The airport has a fixed-base operator that has fuel, both avgas and jet fuel, as well as aircraft maintenance, catering, hangars, courtesy transportation, a conference room, a crew lounge, and more.

== Incidents ==
- On 9 August 1975, two Cessna 150s collided while landing at the airport, killing a pilot and injuring 2 others.
- On 27 April 1979, a twin-engine aircraft crashed while landing at the airport, killing the two pilots.
- On 19 February 1986, a Cessna 182 crashed while landing at the airport, killing the pilot and injuring 4 passengers.
- On 25 July 1995, a Rutan Quickie broke in half after crashing due to propwash from an airplane taking off ahead of it.
- On February 19, 2002, a Hughes 269C was substantially damaged during a takeoff attempt from a platform at the Lorain County Regional Airport. The pilot reported he lifted the helicopter off the platform "quickly." As the aircraft climbed, it began a turn to the right, and the pilot applied left pedal to counteract. As the pilot continued to increase the collective, the helicopter began a 360-degree "aggravated spin" to the right. The pilot then "chopped" the throttle and the collective, and the helicopter "dropped fast." He added a slight amount of collective before landing, and the spin to the right became more aggravated. The helicopter then impacted the platform and rolled over onto its side. The probable cause of the accident was found to be the pilot's failure to maintain directional control during takeoff.

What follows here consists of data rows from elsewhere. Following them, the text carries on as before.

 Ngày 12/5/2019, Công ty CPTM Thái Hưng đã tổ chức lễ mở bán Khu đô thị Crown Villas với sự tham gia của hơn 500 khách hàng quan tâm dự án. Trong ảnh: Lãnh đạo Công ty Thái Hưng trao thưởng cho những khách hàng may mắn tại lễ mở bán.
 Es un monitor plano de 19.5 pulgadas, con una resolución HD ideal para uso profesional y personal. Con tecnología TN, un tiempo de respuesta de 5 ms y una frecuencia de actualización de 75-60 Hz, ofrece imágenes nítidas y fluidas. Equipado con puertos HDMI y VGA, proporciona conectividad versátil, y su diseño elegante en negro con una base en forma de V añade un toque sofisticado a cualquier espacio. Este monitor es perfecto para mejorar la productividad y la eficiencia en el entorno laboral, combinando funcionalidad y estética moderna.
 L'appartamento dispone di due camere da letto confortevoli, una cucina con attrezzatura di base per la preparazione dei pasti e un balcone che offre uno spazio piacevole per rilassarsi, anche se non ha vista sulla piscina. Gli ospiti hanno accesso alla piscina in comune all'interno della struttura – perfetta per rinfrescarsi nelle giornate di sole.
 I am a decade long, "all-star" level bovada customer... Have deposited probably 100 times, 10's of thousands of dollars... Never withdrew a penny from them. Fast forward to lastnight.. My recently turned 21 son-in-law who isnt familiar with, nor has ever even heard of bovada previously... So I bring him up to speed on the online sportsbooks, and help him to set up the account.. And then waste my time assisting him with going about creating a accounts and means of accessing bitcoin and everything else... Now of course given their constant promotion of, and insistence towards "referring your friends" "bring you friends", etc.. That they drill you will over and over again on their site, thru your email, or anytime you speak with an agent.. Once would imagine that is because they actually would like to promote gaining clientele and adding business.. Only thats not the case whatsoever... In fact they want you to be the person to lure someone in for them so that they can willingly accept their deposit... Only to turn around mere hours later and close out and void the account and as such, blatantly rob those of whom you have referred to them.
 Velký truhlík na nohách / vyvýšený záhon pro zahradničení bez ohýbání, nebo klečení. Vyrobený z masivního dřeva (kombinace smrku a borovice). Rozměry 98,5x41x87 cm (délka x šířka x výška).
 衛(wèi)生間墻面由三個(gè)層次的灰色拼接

- On September 1, 2005, a Dessault Falcon 20D operated by USA Jet Airlines on a cargo flight to Saint Louis-Lambert International Airport crashed while taking off from the Lorain County Regional Airport. The aircraft impacted a flock of birds while on its takeoff run, ingesting them into both engines and causing the first engine to fail. The aircraft climbed for 10 seconds when the stall warning sounded. The pilot flying adjusted the flight controls for landing, and the airplane contacted the runway straight-and-level 3,000 feet after rotation. The airplane overran the runway, struck a fence, crossed a road, and came to rest in a cornfield about 1,000 feet beyond the initial point of ground contact. The probable cause of the accident was found to be the ingestion of multiple birds in each engine at takeoff, which resulted in a complete loss of engine power.

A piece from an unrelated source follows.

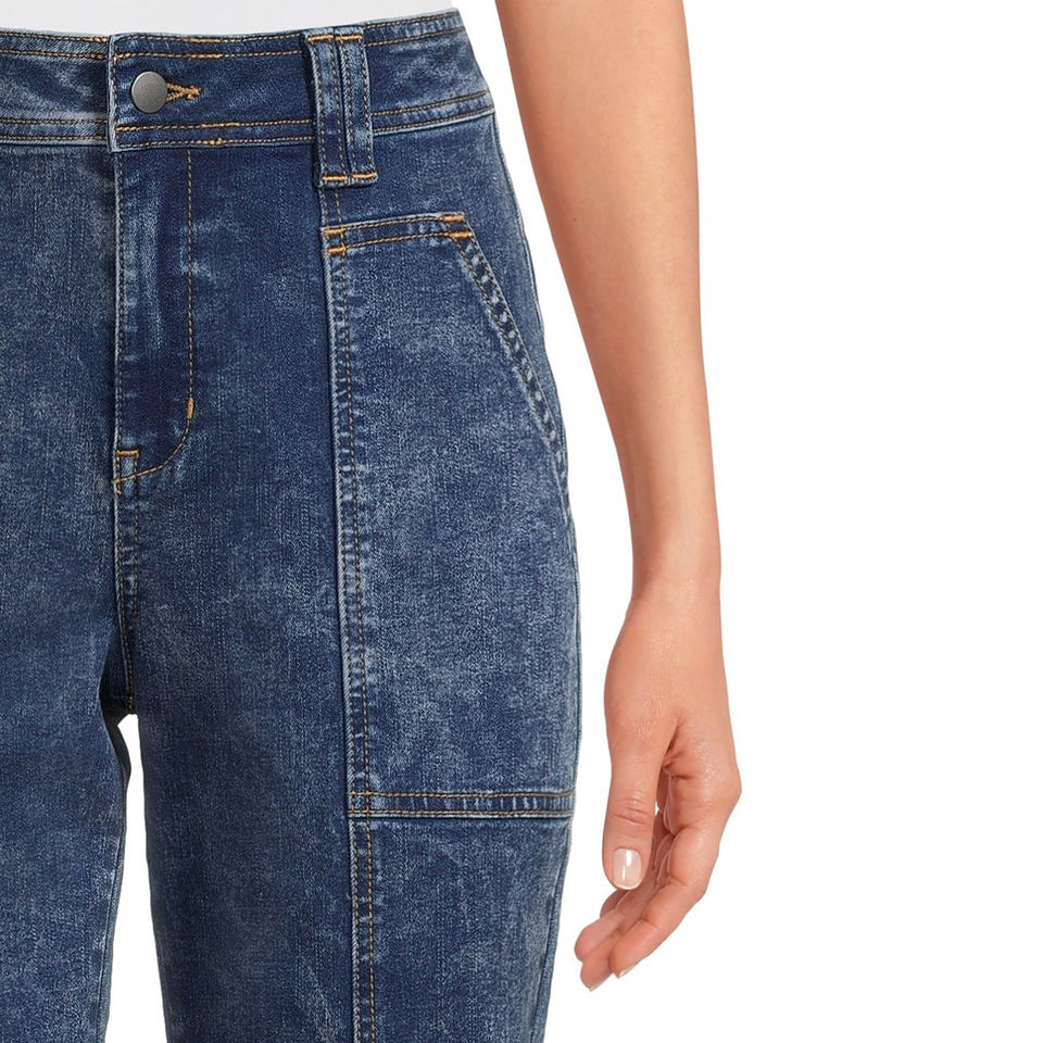 High Waist Boyfriend Women's Cargo Pants Streetwear Flap Pocket Casual Trousers Acid Washed Denim Jeans Pants for Women

- On May 15, 2003, a Cessna 208B Super Cargomaster crashed after departure from Lorain County Regional Airport. When the pilot leveled off after departure, the low fuel pressure light illuminated, and the fuel flow was lower than normal. There was no change when the pilot turned on the boost pump and ignition, and the low fuel pressure light remained activated. The pilot advanced the power lever to full, but there was no response from the engine, and the pilot heard what he thought was a decreasing engine noise. The pilot subsequently performed a forced landing. The probable cause was found to be the pilot's failure to verify the position of the fuel selectors prior to takeoff, which resulted in a power loss due to fuel starvation.
- On January 18, 2010, a Mitsubishi MU-2 turboprop crashed on approach, killing four.
- On May 23, 2015, a Vans RV-6A was damaged while landing at the Lorain County Regional Airport During the landing flare, the left wing lifted up and the stall warning horn sounded. The airplane immediately descended, impacted the ground, and slid off the runway. The probable cause of the accident was found to be the pilot's failure to maintain airplane attitude control during the landing flare, which resulted in an aerodynamic stall, hard landing, and runway excursion.
- On June 30, 2019, an aircraft crashed just outside the airport.
- On November 17, 2019, a Navion aircraft landed gear-up at the Lorain County Regional Airport.